- [Provided information]
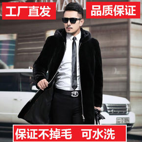 仿皮外套男仿水貂皮大衣中长款海宁仿水貂毛加厚皮毛大...
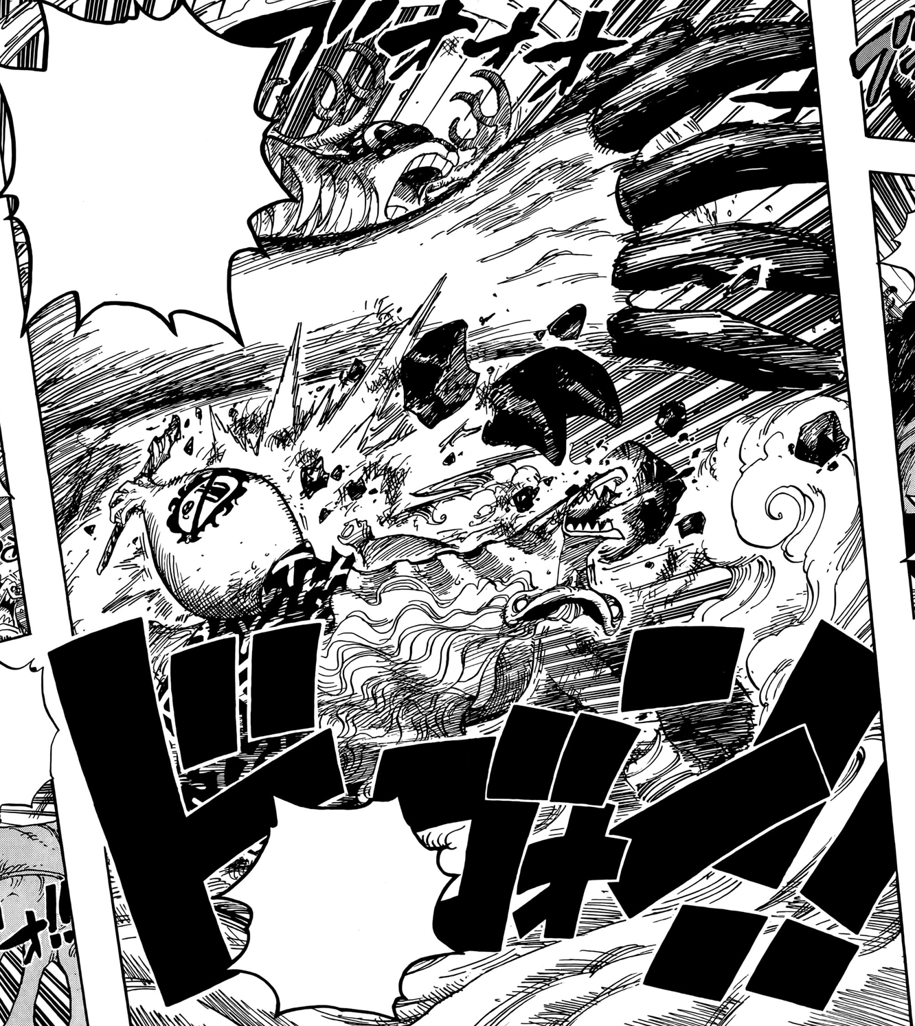 Rufy inizia a dirigersi verso Hody Jones per colpirlo senza pietà; Sbam gli si para subito davanti per fermarlo, ma Zoro interviene improvvisamente e blocca il suo attacco, facendolo cadere a terra.
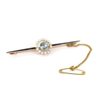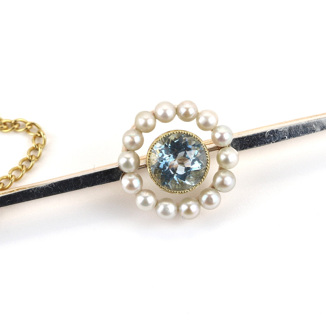 A 15K rose and yellow gold brooch set with round cut aquamarine surrounded by pearls.
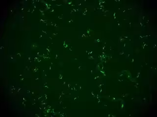 Grupo de 'C. Elegans' infectados visualizados con una lupa. La fluorescencia verde corresponde con las células infectadas y permite distinguir animales infectados de sanos.
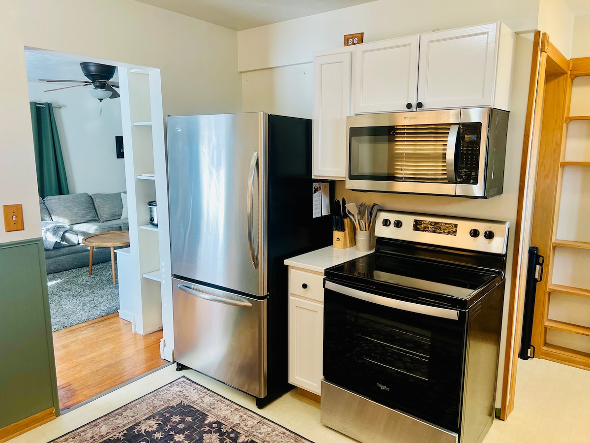 Welkom bij de Urban Jungle Retreat! Deze prachtige studio is een gedurfde mix van strakke zwarte interieurs en weelderig groen, met een opvallende grasmuur die de natuur naar binnen brengt. Ontspan in het comfort van een luxe kingsize bed in een moderne, stijlvolle ruimte. Gelegen in het centrum van Des Moines, ben je op een steenworp afstand van de trendy East Village, Des Moines Riverwalk en Historic Court District. Geniet van de ultieme stedelijke ontsnapping waar stadsvibes natuurlijke elegantie ontmoeten.
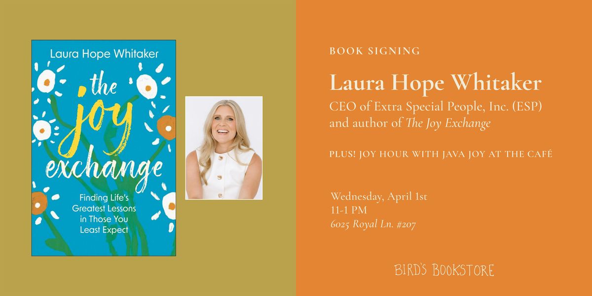 Bird's is delighted to welcome Laura Hope Whitaker on The Joy Parade Book Tour presented by Loverly Grey to celebrate her novel The Joy Exchange: Finding Life's Greatest Lessons in Those You Least Expect. Bring your copy—or buy one via the ticket link below—for a book signing, then continue the celebration in our café with a Joy Hour featuring Java Joy.
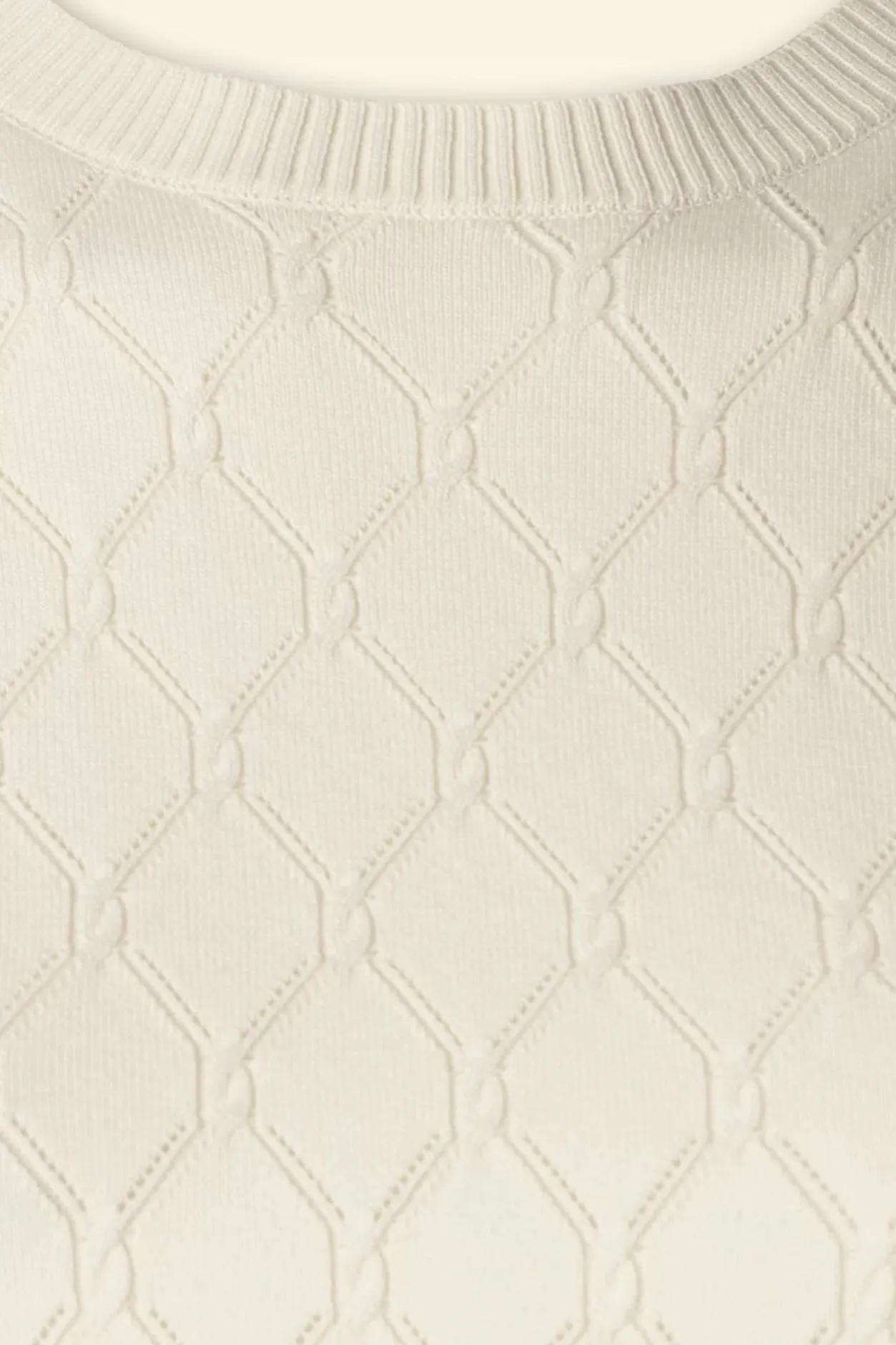 ”How Sweet Is Sally!” Deze Cutie Is Uitgevoerd In Een Soepele En Stretchy, Zachte, Fijn Gebreide, Crème Kleurig Stofje Voorzien Van Een Opengewerkt Patroon.

- [Prompt]
Transcribe exactly each line of the records from the start up to and including the one with "A 15K rose and", and leave out every picture.

- [Answer]
 仿皮外套男仿水貂皮大衣中长款海宁仿水貂毛加厚皮毛大...
 Rufy inizia a dirigersi verso Hody Jones per colpirlo senza pietà; Sbam gli si para subito davanti per fermarlo, ma Zoro interviene improvvisamente e blocca il suo attacco, facendolo cadere a terra.
 A 15K rose and yellow gold brooch set with round cut aquamarine surrounded by pearls.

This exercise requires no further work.